Her neighbor, Jean Merrell first spotted the bent blades.
"I always look out the window, and I thought, my goodness, what's in the field? What's happened?" resident Jean Merrell said.
The "what"? Well, the crushed crops form a triangle. At each corner a pair of circles, but "how" and "who" wilted the wheat is a crop quandary.
"I really don't think it's man-made. I don't believe anyone could do that, that quick and so perfect," Merrell said.

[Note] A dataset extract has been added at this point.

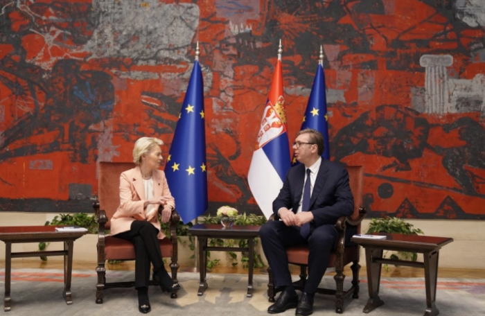 „Нагласивме дека проширувањето е геостратешки императив, како и потребата Србија повеќе да се усогласи со надворешната и безбедносната политика на ЕУ. Исто така, ги поздравивме чекорите на Србија за диверзификација на изворите и рутите за снабдување со енергенси и за намалување на зависноста од Русија, чија несигурност е постојано демонстрирана“, објавија Фон дер Лајен и Кошта.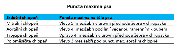 Srdce psa má tvar kuželu a je k poměru k tělu velké, tvoří 0,7 % tělesné hmotnosti. Srdce je orgán tvořený srdeční svalovinou, uvnitř se nachází čtyři dutiny, pravá síň a pravá komora, které pumpují krev do nízkotlakého plicního oběhu, a levá síň a tlustostěnná levá komora, která žene krev do velkého oběhu tělního. Mezi síní a komorou a mezi srdcem a plicnicí a srdcem a aortou se nacházejí chlopně, které zajišťují směr pohybu krve. Nárazem krve na zavřené srdeční chlopně vznikají srdeční ozvy, které jsou slyšitelné pomocí fonendoskopu. Místa na hrudníku psa, kde jsou nejlépe slyšet srdeční ozvy na jednotlivých chlopních, se nazývají puncta maxima.

These thin lines are the only paths in and out. Helms says they're from crop fertilization and they've been here months. The new field phenomena's less than a half mile from last May's Crop Circle just outside Madisonville. Investigators ruled that design "non man-made." Crop circle researches came to investigate last year's design. As for this one, they want to come back.
"They'd have to be very careful, cause I ain't talked to the man I rent it to," Helm said.
"I think it's something fantastic myself," Merrell said.
"If it's aliens and they want me, they'll come and get me. Will you put up a fight? No. Why? I'll talk to them. What if you don't speak Alien? They better speak English," Helm said.
And Helm wants to know...why her backyard?
Investigators with the independent crop circle researchers organizations plan to scientifically test this design next week, but they still have to get helm's permission.
We've haven't revealed the exact location on purpose. Her land's private property. She doesn't want strangers trampling the crops. So public visits are off-limits, for now.